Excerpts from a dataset
▶
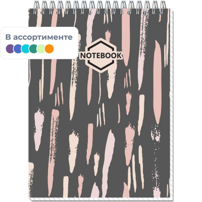Блокнот А5,60л,клетка,метал.гребень,цв.обложка Стильный Офис 2741 в ассорт
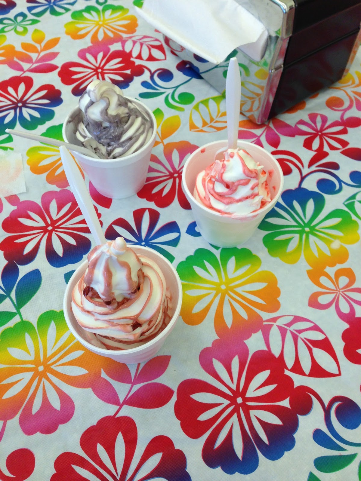 Today, three of us went for a somewhat different choice of flavors: blue goo, orange, and the oft-chosen strawberry.
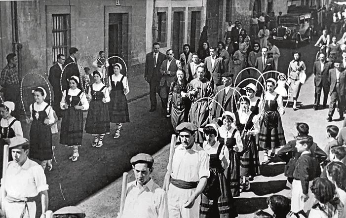 Bajo estas líneas, el antropólogo camina flanqueado por sus padres en un homenaje que le hizo el pueblo de Eskoriatza. Eskoriatzako Udala - Archivo Público
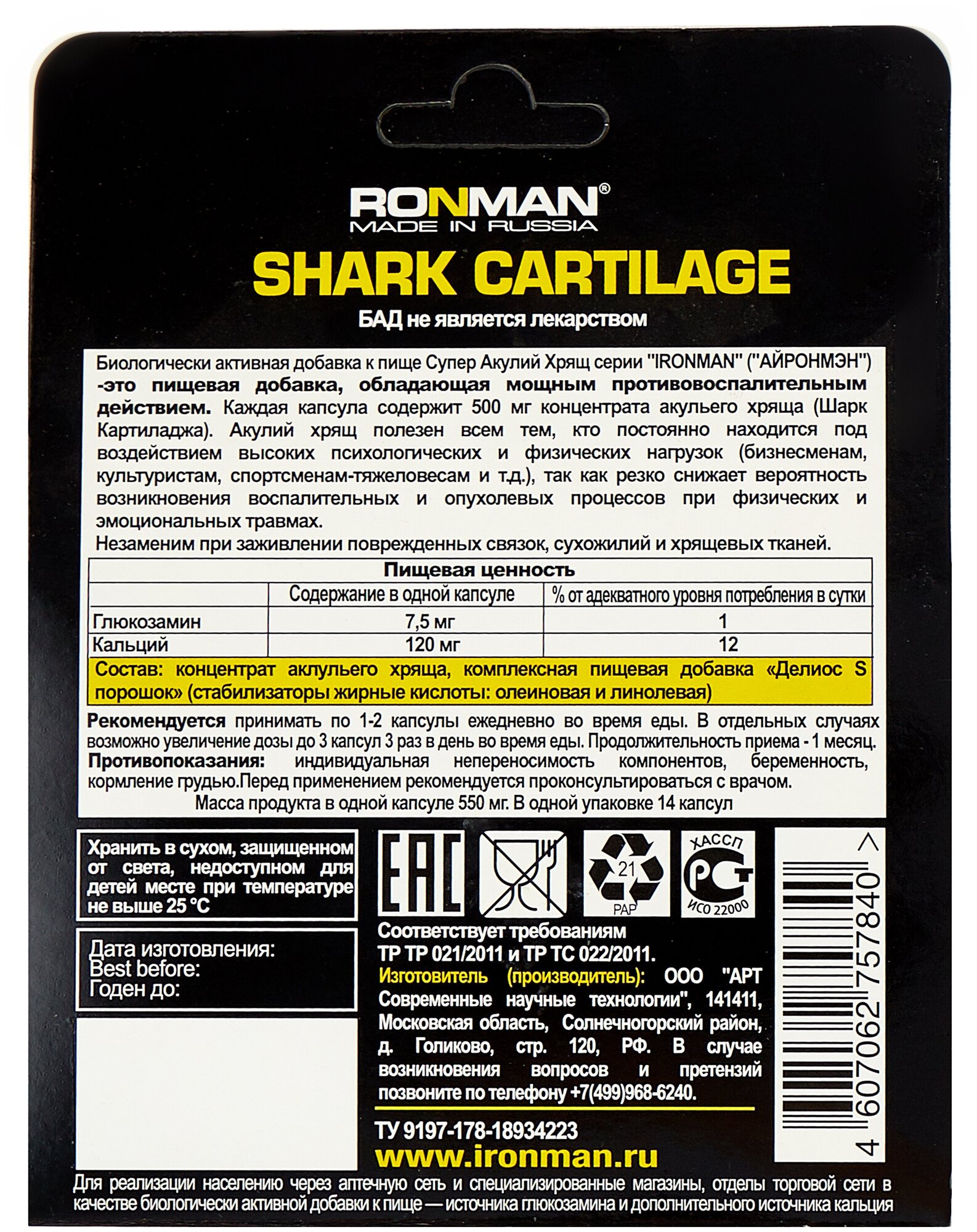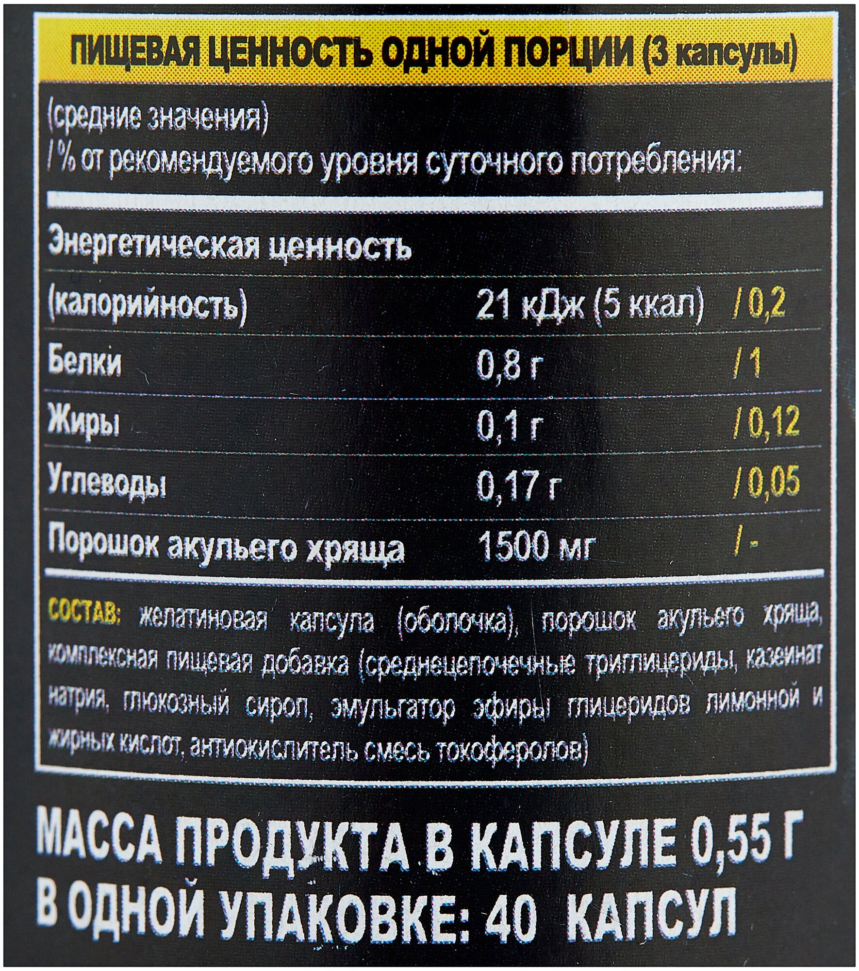 Main ingredient: shark cartilage, dosage form: capsules/tablets, for whom: for women, for men, purity: complex, dietary features: lactose-free
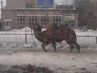 В центре города по улице Куйбышева верблюд преследовал лошадь. Людей и дрессировщиков поблизости не было.
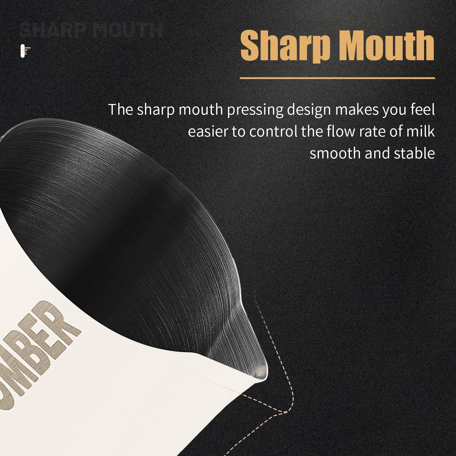 - Double Arc-shaped Guide Grooves: This milk frothing pitcher is equipped with innovative front and rear dual guide grooves design, enhance milk gathering, ensuring a smoother and more stable pour for perfect latte art.
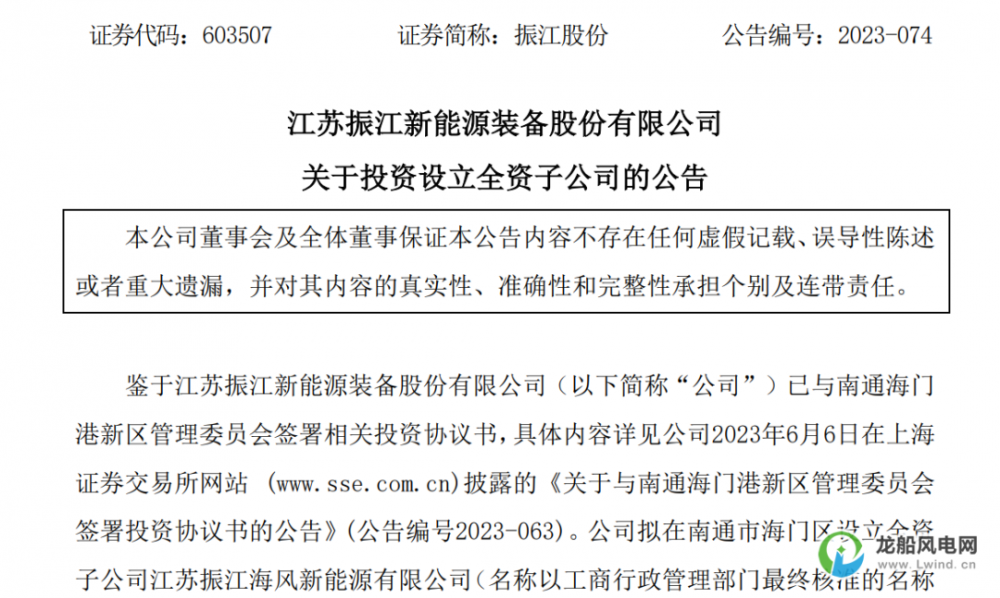 公告披露,振江股份拟在南通市海门区设立全资子公司江苏振江海风新能源有限公司(名称以工商行政管理部门最终核准的名称为准),注册资本为50,000万元人民币,经营范围包括:海洋风电塔架、钢管桩、导管架设计、制造、销售;海洋工程专用设备设计、制造、销售、安装等。
◀
The lines needed run from the first line of the records through the line containing "Main ingredient: shark", both included. Restate them word for word, without pictures.

Блокнот А5,60л,клетка,метал.гребень,цв.обложка Стильный Офис 2741 в ассорт
 Today, three of us went for a somewhat different choice of flavors: blue goo, orange, and the oft-chosen strawberry.
 Bajo estas líneas, el antropólogo camina flanqueado por sus padres en un homenaje que le hizo el pueblo de Eskoriatza. Eskoriatzako Udala - Archivo Público
 Main ingredient: shark cartilage, dosage form: capsules/tablets, for whom: for women, for men, purity: complex, dietary features: lactose-free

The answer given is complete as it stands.